Over the course of a single hour, as K and I strolled through Prospect Park, she pointed out three different famous people, none of whom I knew, not that I know many famous people. Evidently famous people are everywhere in Brooklyn, one need only open one’s eyes to see them.
Notably all three famous people were shorter than K had previously imagined. This made me wonder if fame makes one smaller. I mean this seriously. Could it be that one shrinks from all the attention? The mind, as we know, is immensely powerful and has a profound effect on the body. Thus it wouldn’t surprise me if the desire to walk one’s child’s in the park without being gawked at might result, after enough repetition at a high enough degree of intensity, in a measurable reduction in physical size.

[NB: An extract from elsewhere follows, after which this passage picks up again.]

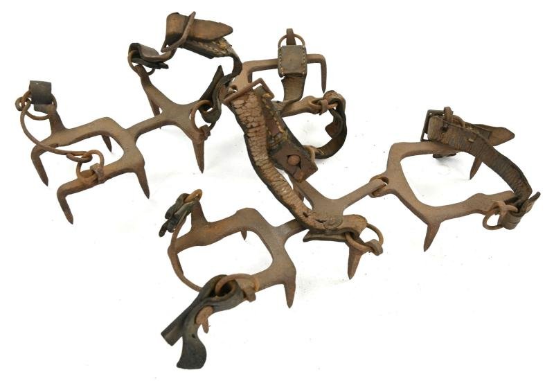 In a used condition a matching set of German Wehrmacht Mountain troops (Gebrigsjager) Ice Cleats. The cleats are both maker marked (hard to read) and dated 1941. The steel made cleats are complete with the original attached leather shoe straps in a dry condition. A very nice hard to find set!

Admittedly this isn’t a scientific sampling, but I recall seeing Curt Gowdy (a legendary sportscaster, for those who don’t know) in Rockefeller Center, and he was tiny. This would have been around 1977, at the height of Gowdy’s fame. He was walking down the street eating a pretzel he’d just purchased from a street vendor, and the pretzel looked bigger than his head, that’s how small he was—or had become.
Also I once had a conversation with David Byrne on the downtown A platform at 59th Street. This was in 1983, just after the Talking Heads released Little Creatures. Bryne was carrying an enormous black book. I gushed about how much I loved his music, and then added, out of nervousness, that I hadn’t imagined he took the subway. Bryne, doubtless noting my distress, smiled and said that in his experience the subway was the fastest way to get around. “Ah, yes, of course,” I replied, nodding a bit too vigorously.
It wasn’t until later, when I was on the train home, replaying what had happened, that I realized how small Bryne was. He couldn’t have been taller than a ten-year old child. And this explained why his book had seemed so huge: it was huge in proportion to his little bitty hands.
A man signs a shovel and so he digs.